RECORDS PROVIDED

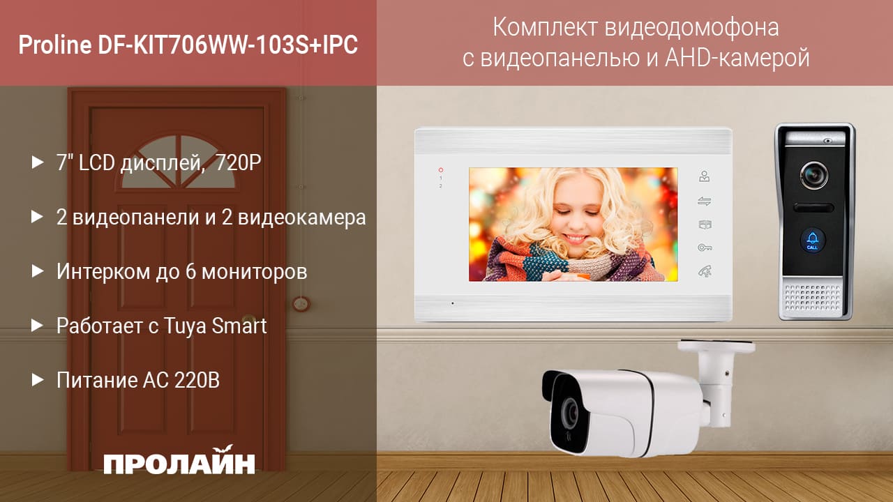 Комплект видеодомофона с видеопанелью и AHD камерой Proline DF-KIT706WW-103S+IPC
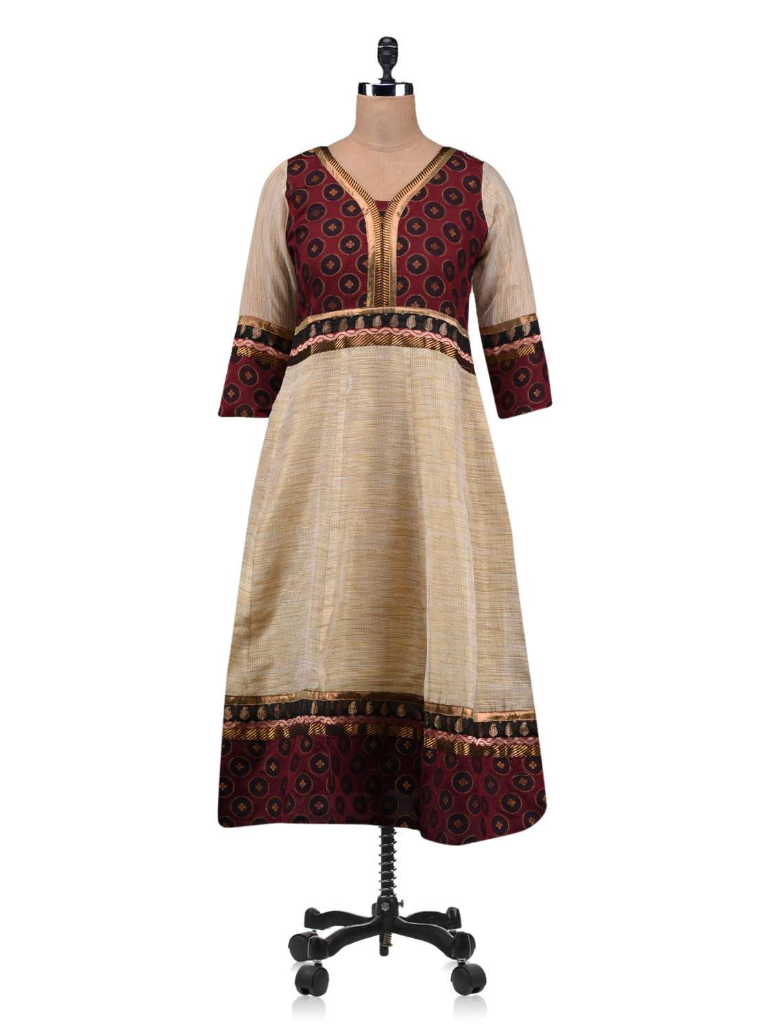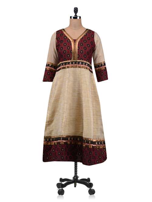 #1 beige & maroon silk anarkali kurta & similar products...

==

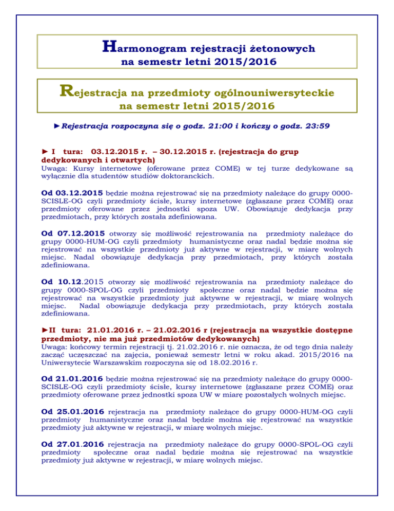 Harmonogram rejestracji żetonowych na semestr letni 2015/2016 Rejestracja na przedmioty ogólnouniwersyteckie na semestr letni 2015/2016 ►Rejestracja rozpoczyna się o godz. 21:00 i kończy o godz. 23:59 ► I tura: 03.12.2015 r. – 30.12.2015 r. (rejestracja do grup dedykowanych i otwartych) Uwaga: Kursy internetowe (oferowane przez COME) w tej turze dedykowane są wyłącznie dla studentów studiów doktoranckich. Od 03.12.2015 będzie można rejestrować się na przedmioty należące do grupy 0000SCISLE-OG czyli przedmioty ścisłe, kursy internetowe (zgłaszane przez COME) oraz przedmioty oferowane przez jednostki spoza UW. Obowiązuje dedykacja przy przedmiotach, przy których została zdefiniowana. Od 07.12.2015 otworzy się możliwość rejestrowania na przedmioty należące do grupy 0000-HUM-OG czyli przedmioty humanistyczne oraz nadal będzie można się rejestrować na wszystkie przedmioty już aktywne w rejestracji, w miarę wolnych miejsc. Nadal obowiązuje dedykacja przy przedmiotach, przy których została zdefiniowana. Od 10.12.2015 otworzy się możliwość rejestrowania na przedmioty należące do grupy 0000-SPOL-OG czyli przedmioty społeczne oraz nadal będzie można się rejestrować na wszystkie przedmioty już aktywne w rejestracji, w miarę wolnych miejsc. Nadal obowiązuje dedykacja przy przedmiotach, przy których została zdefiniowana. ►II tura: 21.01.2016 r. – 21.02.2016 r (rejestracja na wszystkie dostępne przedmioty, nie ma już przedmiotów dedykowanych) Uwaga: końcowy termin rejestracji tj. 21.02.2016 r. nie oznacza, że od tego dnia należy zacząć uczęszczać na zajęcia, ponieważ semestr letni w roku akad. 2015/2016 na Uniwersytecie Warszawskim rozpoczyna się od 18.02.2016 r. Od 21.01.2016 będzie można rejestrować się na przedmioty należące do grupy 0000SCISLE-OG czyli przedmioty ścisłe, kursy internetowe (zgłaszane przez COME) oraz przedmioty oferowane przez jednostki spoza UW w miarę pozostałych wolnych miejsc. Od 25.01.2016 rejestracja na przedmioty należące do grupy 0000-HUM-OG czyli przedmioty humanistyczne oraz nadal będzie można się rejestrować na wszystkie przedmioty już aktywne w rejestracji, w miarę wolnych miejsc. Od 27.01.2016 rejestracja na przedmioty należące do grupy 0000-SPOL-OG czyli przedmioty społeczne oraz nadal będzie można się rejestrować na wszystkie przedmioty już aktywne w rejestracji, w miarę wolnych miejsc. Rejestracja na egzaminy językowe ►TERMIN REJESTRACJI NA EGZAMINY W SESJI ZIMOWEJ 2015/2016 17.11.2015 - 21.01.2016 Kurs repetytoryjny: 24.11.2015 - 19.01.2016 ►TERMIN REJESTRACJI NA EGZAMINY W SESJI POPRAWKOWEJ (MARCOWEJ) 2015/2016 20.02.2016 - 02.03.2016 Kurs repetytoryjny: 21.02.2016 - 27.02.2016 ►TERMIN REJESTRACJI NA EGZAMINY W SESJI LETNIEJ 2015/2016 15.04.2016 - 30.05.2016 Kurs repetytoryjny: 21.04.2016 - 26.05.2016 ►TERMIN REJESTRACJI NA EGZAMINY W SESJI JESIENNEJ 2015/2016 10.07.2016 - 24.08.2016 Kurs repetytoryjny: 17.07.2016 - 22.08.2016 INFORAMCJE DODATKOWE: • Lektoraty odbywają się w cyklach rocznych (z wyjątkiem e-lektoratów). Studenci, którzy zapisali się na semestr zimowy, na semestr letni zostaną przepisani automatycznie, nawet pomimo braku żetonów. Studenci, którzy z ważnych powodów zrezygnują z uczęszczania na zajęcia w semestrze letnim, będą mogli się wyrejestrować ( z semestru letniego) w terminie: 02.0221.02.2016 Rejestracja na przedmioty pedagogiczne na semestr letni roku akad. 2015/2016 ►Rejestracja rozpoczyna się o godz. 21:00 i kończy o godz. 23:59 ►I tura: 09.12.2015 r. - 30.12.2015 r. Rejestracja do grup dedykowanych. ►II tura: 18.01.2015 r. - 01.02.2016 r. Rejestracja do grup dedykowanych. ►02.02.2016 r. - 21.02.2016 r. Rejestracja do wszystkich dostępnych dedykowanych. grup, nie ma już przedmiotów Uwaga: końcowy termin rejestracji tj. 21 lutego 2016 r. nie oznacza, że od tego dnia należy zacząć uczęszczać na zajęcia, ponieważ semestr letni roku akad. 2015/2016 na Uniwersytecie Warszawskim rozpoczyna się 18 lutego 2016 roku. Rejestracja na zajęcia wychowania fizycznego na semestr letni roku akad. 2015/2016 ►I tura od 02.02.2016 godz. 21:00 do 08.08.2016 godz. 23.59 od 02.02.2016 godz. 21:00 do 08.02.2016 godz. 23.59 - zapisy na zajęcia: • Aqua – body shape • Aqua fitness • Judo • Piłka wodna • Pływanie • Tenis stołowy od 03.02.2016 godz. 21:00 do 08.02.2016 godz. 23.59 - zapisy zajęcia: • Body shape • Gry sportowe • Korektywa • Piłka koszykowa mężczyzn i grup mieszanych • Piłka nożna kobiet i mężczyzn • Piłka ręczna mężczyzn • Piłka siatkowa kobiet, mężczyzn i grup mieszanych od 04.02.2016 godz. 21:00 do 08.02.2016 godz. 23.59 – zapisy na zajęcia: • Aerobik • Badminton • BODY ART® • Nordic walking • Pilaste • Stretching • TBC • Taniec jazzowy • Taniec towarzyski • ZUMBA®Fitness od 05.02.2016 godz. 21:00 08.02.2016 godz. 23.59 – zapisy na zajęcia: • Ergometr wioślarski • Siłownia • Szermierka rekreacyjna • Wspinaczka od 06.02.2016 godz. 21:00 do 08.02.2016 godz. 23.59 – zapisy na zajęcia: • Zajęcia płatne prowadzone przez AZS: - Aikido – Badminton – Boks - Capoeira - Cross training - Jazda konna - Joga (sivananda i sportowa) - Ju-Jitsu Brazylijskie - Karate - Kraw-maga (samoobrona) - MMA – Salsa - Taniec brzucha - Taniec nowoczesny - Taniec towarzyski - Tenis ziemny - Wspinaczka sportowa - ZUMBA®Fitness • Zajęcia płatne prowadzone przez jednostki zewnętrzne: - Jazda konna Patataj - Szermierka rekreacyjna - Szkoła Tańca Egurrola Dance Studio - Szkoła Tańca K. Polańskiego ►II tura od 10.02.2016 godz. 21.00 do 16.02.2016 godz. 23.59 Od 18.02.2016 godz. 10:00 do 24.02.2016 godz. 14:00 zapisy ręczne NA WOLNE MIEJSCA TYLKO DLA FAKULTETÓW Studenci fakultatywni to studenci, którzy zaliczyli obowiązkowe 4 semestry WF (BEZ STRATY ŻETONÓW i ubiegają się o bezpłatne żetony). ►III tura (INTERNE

WHAT TO DO
Copy out exactly the lines above beginning with the line that contains "Комплект видеодомофона с" and finishing with the line that contains "#1 beige & maroon", including both; leave the pictures out.

ANSWER AREA
 Комплект видеодомофона с видеопанелью и AHD камерой Proline DF-KIT706WW-103S+IPC
 #1 beige & maroon silk anarkali kurta & similar products...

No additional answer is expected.